Судя по записям Джеймса Комптона, заводом руководил некто Пит Брейсгердл, проделавший путь от двенадцатилетнего подмастерья до ведущего мастера, умеющего делать кирпичи и плитку любой формы. Пока не стал начальником, Брейсгердл изготавливал еще и черепицу, нужную для починки домов, построенных в Средневековье. Таких много было в окрестностях. Черепица Брейсгердла отличалась прочностью и безупречными крепежными свойствами – тут он давал фору другим ремесленникам, иными словами, являлся ценным работником. Кроме Брейсгердла, на кирпичном заводе трудились двадцать четыре человека, в том числе подмастерья.
Мейси подрулила к заводу, заглушила мотор на стоянке. Сам завод, благодаря постройкам с деревянными каркасами и черепичной кровлей, больше походил на ферму, за вычетом характерных запахов и звуков. Даже прилегающая территория была точно загон для овец или коров – такие же деревянные ворота о пяти балках. Слева висела табличка, под которой, если верить кривым буквам, находилась «Кантора». Дверь в «кантору» была открыта, виднелся пыльный, заваленный бумагами стол.
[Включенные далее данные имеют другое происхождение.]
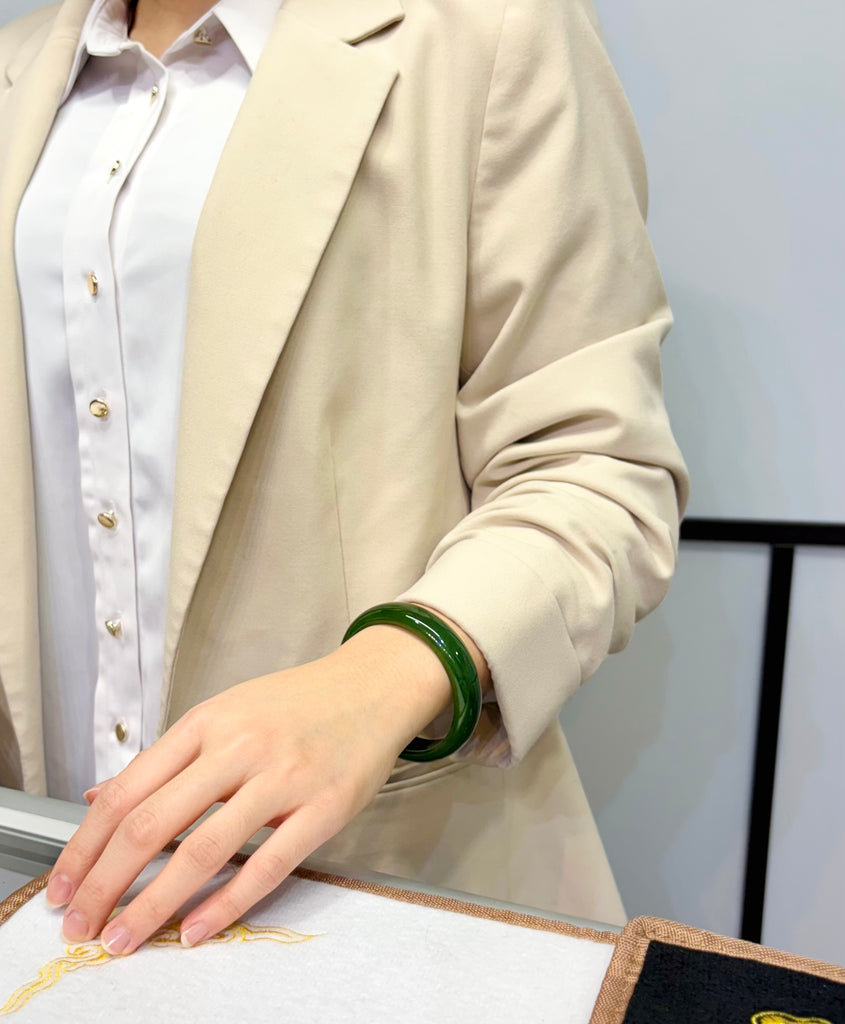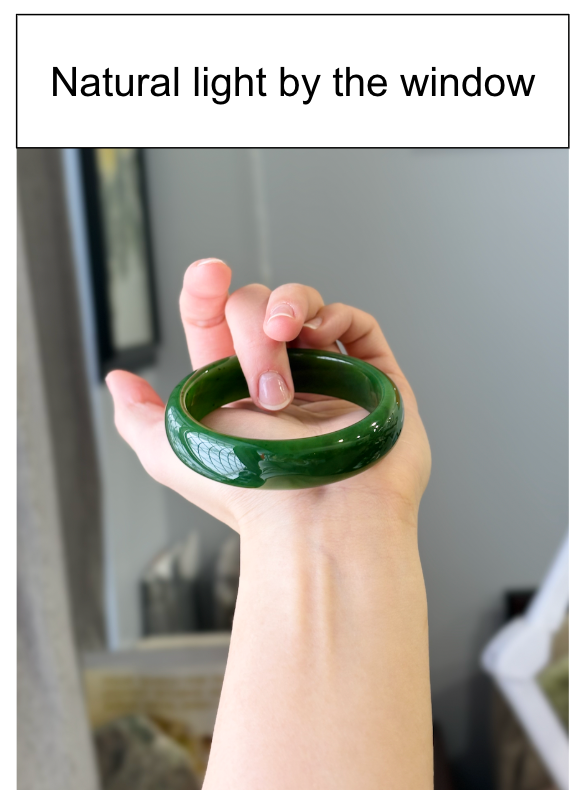 • “White dots” seen on the surface of the bangle are actually green — formed by chromium ions, that makes the bangle color more vivid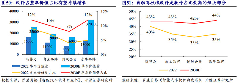 软件付费模式将逐渐替代硬件付费模式,成为汽车盈利的新可能。长久以来,汽车的盈利模式是“硬件付费”,销售与维修保养是行业的主要盈利手段,在这种模式下,通过规模化生产降低成本、通过品牌溢价维持更高的价格是获取利润最主要的思路,但这一趋势目前正在被逐渐打破。从用户角度看,互联网思维渗透进生活的各个角落,正改变着消费者对价值的理解,消费者开始愿意为服务、知识、软件付费。从技术层面看,当前汽车的电子电气架构正从分布式向域集中演变,推动汽车软硬件解耦的发生,底层软件与上层应用呈现松耦合特点,软件架构向服务导向转变。这为汽车盈利模式转向“软件付费”提供了土壤,硬件的潜在价值是为软件提供同类用户场景下的唯一入口,为软件盈利打开更大的发展空间,车企也可能会试探性地以持平BOM成本的低价出售汽车。根据罗兰贝格数据,预计到2030年,综合考虑不同品牌类型的典型车型,单车软件价值将增长至16000-32000元,其价值占BOM的比例将增加至8-12%。而自动驾驶是搭载于汽车之上的软件产品,或将成为汽车软件盈利的主要方面。

Двое мужчин разбирались с заказами и не сразу заметили Мейси.
– Они определенно говорили: кирпич нужен к концу октября, так что, если мы обеспечим доставку в Пэддок-вуд…
– Доброе утро.
Мужчины обернулись, одновременно вытерли руки о рабочие халаты горчичного цвета.
– Мне нужен мистер Брейсгердл.
Тот, что был пониже ростом, указал на своего товарища. Товарищ сунул карандаш за правое ухо и положил деловое письмо на кипу прочих бумаг.
– Мистер Брейсгердл – это я.
Он уже хотел протянуть Мейси руку, но заметил на ладони въевшуюся грязь.
– Извините – работа такая.
Мейси качнула головой:
– Понимаю. Скажите, мистер Брейсгердл, не могли бы вы уделить мне минут десять-пятнадцать?
Не спрашивая о цели визита, Брейсгердл взглянул на своего зама, который в знак приветствия коснулся кепки.
– Не беда, Пит. Я сам ребят на сегодня озадачу.
– Вернусь к печам, как только переговорю с этой леди, Берт.
Он обошел стол, взял со стула пачку документов, ими же смахнул пыль с сиденья и пригласил:
– Присаживайтесь, мисс.
Мейси порадовалась, что надела дорожную льняную юбку цвета хаки – на ней кирпичная пыль будет не так заметна.
– Чем могу служить? – Брейсгердл откинулся на спинку стула, сложил руки на груди. – Вам же не кирпич нужен, верно?
– Вы правы. Я работаю на «Комптон корпорейшн». Возможно, вы слышали, что эта компания готовит документы для приобретения земель Сандермира вместе с доходным предприятием.
– Да, нам сообщили, что завод и земля пойдут на продажу. Нас это напрягает. Времена нестабильные. Опасаемся, что завод закроют.
– С уверенностью могу сказать, что «Комптон корпорейшн», если, конечно, сделка с Сандермиром состоится, намерена расширить производство кирпича и черепицы, а также вложить значительные суммы в новое оборудование и развитие предприятия.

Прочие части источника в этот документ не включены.